◆ Raw data
□ □ □ □ □ □ □

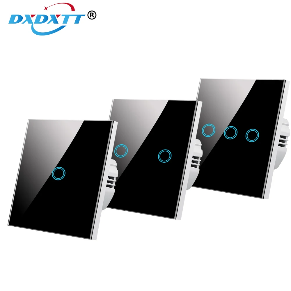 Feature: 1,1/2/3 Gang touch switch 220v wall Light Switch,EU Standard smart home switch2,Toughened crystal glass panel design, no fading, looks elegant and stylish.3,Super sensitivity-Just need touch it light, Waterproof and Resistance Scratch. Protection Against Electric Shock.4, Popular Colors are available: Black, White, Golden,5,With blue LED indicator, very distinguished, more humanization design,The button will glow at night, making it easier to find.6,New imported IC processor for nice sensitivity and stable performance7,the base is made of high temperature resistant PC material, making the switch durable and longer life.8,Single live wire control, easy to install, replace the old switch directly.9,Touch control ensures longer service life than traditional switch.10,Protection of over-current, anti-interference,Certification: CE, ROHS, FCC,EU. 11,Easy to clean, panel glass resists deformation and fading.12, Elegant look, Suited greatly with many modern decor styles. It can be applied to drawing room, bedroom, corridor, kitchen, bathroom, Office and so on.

□ □ □ □ □ □ □

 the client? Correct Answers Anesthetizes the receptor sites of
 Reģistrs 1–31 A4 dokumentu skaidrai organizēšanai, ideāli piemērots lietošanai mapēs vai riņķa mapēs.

□ □ □ □ □ □ □

◆ Your objective
Within the material above, output exactly the lines from the one with "the client? Correct" through the one with "Reģistrs 1–31 A4", end lines included, and nothing besides.

◆ Answer box
 the client? Correct Answers Anesthetizes the receptor sites of
 Reģistrs 1–31 A4 dokumentu skaidrai organizēšanai, ideāli piemērots lietošanai mapēs vai riņķa mapēs.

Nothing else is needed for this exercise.